Texans Turn Out Against War
by Jackson Thoreau
You could say I'm a veteran of peace demonstrations. Since the early 1980s, I estimate that I have participated in more than 200 such rallies and marches around the world, from Dallas to Washington, D.C., to New York City to London to Paris to Berlin to Moscow to New Dehli. Some, like many in my resident city of Dallas, Texas, have been relatively small, but important nonetheless. Others, like in D.C. and European cities, have been massive. In some, we didn't march. In others, we marched for miles.
But on Saturday, Feb. 15, I emerged from the largest demonstration I've ever attended in Dallas with more hope than ever before that our situation will improve. It wasn't just that 5,000 or so people from one of the most right-wing regions of the world, the former home of George W. Bush and Dick Cheney and the fictional J.R. Ewing and many others who represent cold-hearted, selfish economic and political policies, had braved the wind and cold and threats and everything else to make a statement to Bush Inc. that a blood-for-oil-personal-revenge-world-domination-military-boost war against economic-sanctions-wracked Iraq was unacceptable.

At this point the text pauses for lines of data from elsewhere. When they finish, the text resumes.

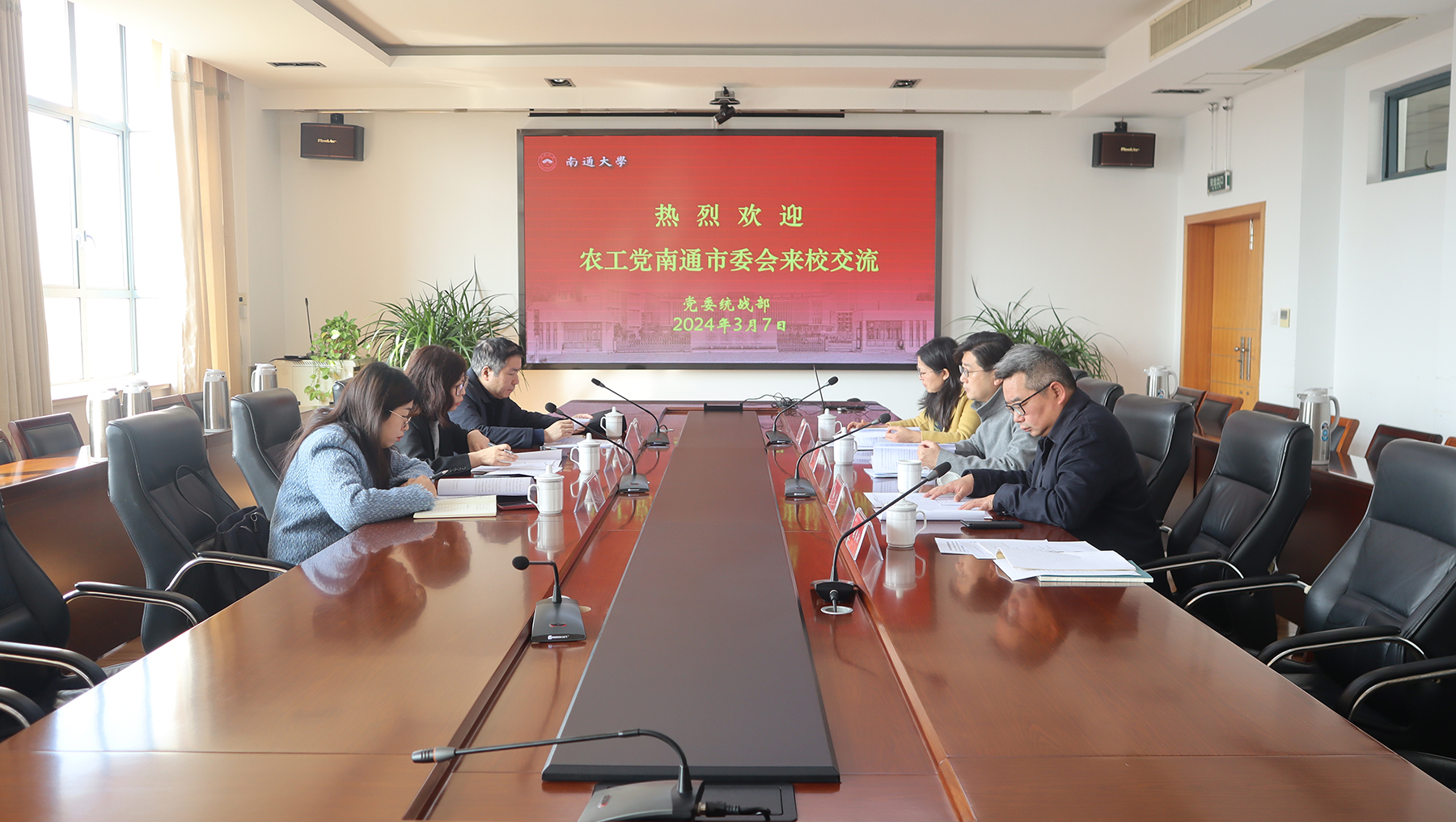 3月7日上午,农工党南通市委会专职驻会副主委兼秘书长吴琳一行来校交流。校党委常委、统战部部长朱城接待了来宾。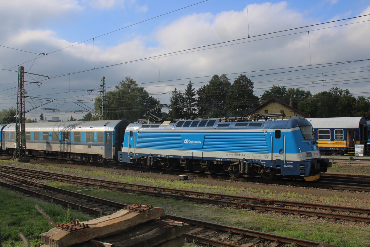 Vom Bahnsteig mit Zom: CD 380 009 zieht ein IC nach Ceske Budejovice durch Benesov u Prahy am 26 September 2025 und wird vom mindestens zehn Bahnfans fotografiert.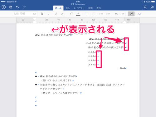 段落を合わせる時や、文章全体の見栄えを調整する時に、どこで改行されているを視覚で確認できるようにするとわかりやすいです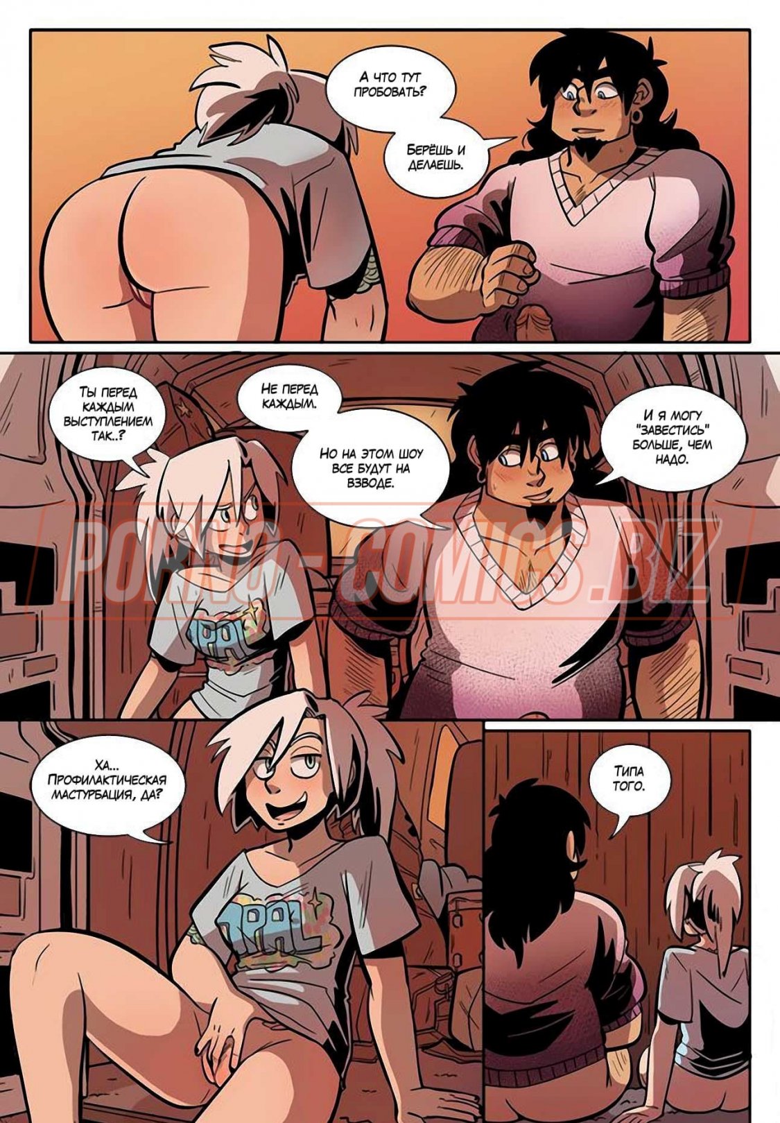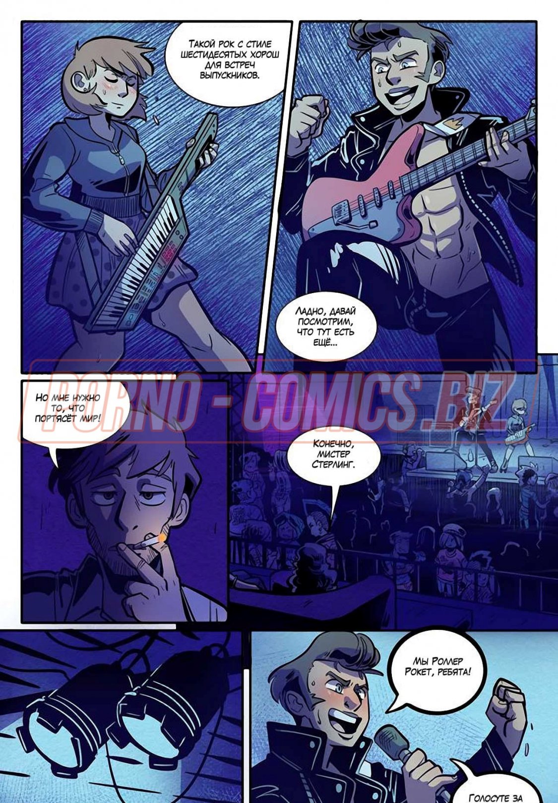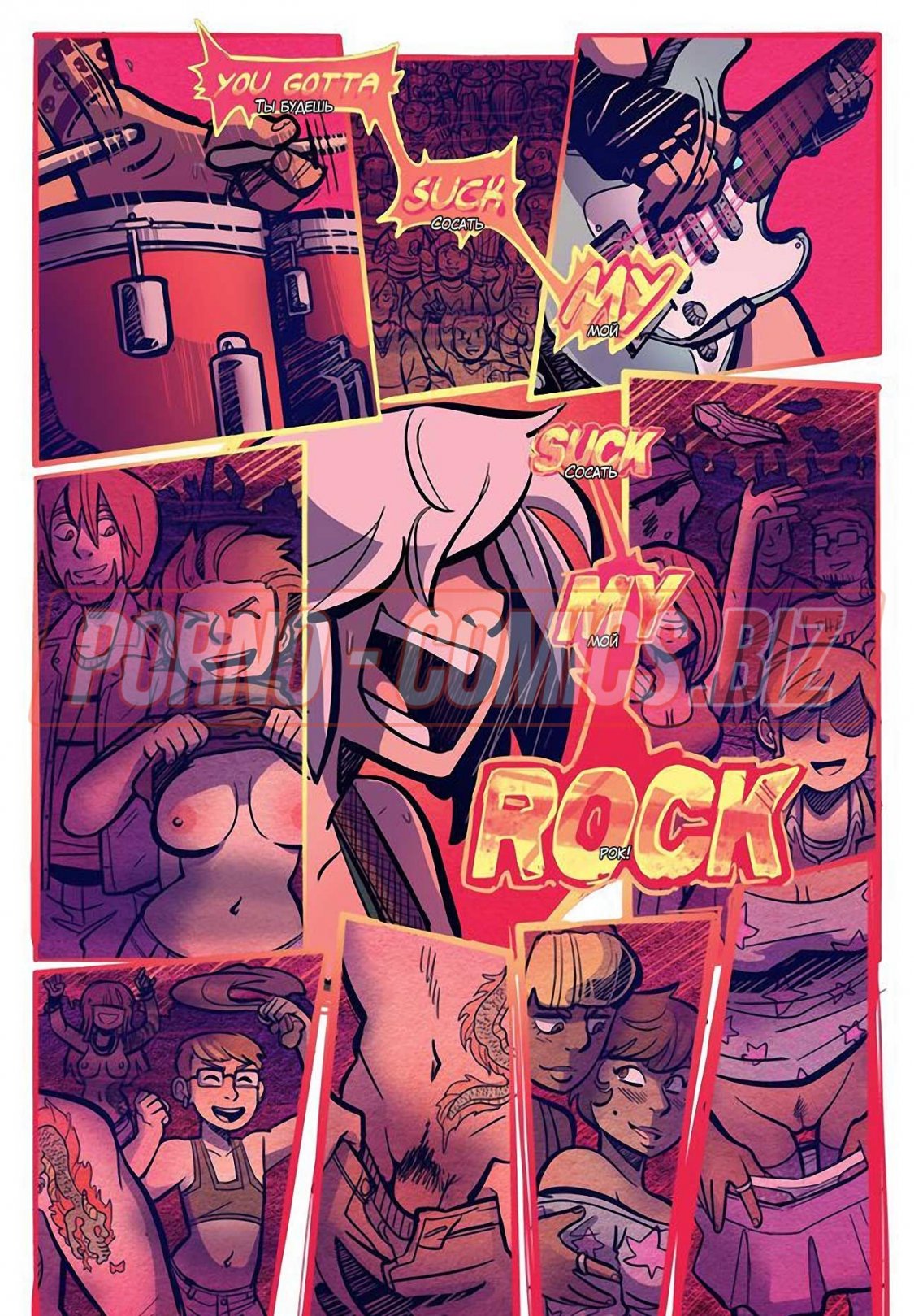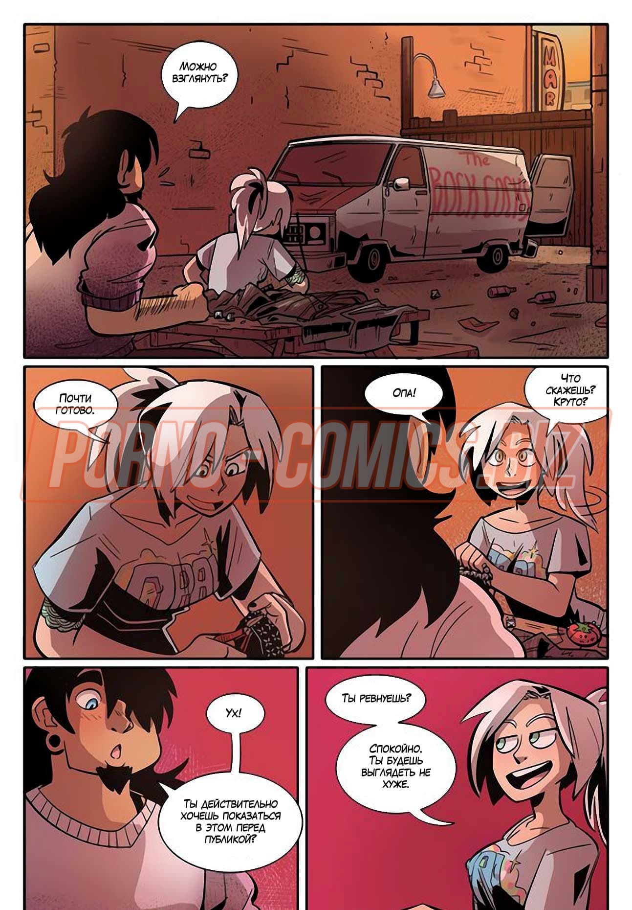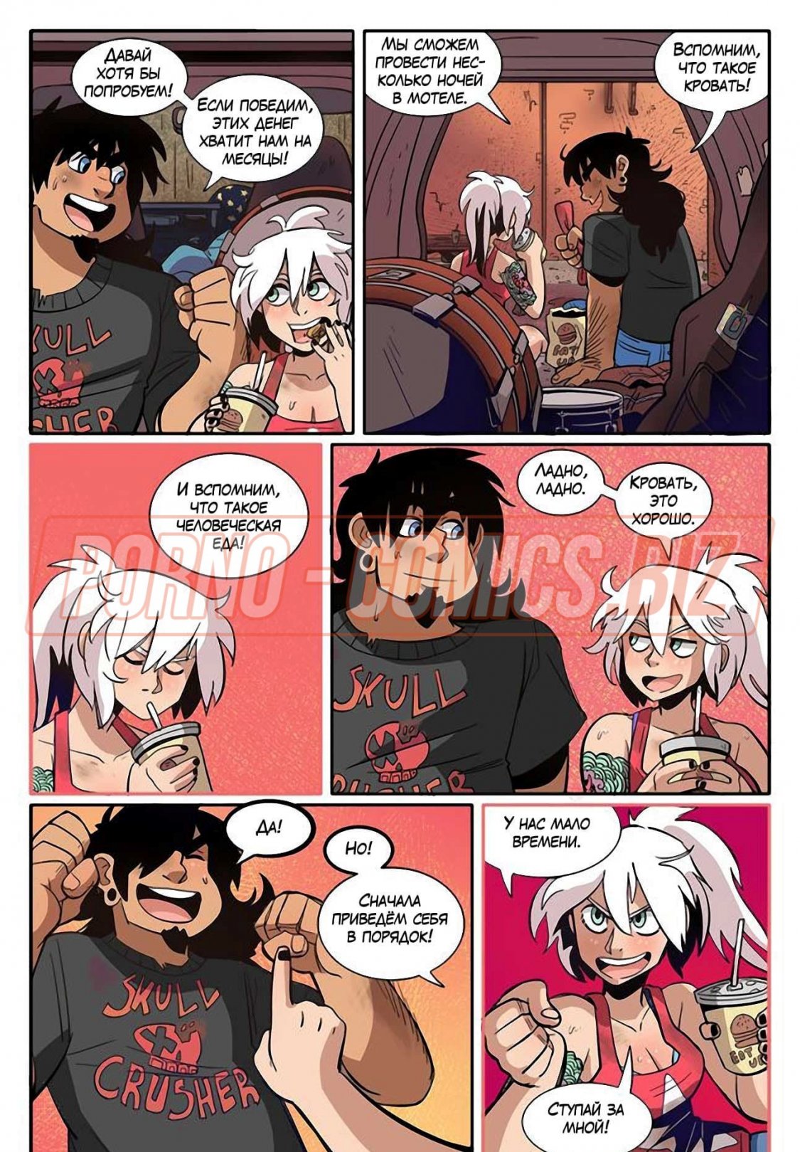 Уличные музыканты из секс комикса «Рок Перцы. Трек 2 Время показать тебя» живут прямо на улице и ведут довольно таки развратный образ жизни. У них очень мало денег, поэтому их одежда слишком проста и грязна. Телочки, чтобы заработать деньги на еду, показывают прохожим сиськи и даже делают им минеты. Когда группе музыкантов поступает деловое предложение, они сразу соглашаются.

It was the wide array of people from all walks of life: high school students showing they cared about more than their own problems, soccer moms protesting for the first time, retired school teachers, professionals in suits, war veterans, parents who also brought their young children -- that gave me the most hope.
Bush can continue to ignore veteran activists and liberals like me. But he can't ignore the independent suburban voters, the kind who don't vote straight-ticket Republican or any other political party.
Bush can't ignore people like Virginia Abdo, a 68-year-old retired teacher from University Park, a wealthy suburb right next to the burb where Cheney lived until he helped steal the White House. When people like Abdo carry signs like, "Old Euro-Americans Want Peace Too," Bush better take notice.
Bush can't ignore people like Virginia Barnett, a 49-year-old graphics technician from Dallas who attended a peace rally at the memorial for assassinated former President John F. Kennedy for the first time in her life on Saturday. He can't ignore Harold Jones, an 81-year-old World War II veteran who carried a sign that read "Brains Not Bombs." He can't ignore Jason Lantz, a computer systems administrator running for City Council in Plano, a city north of Dallas even more conservative than the latter.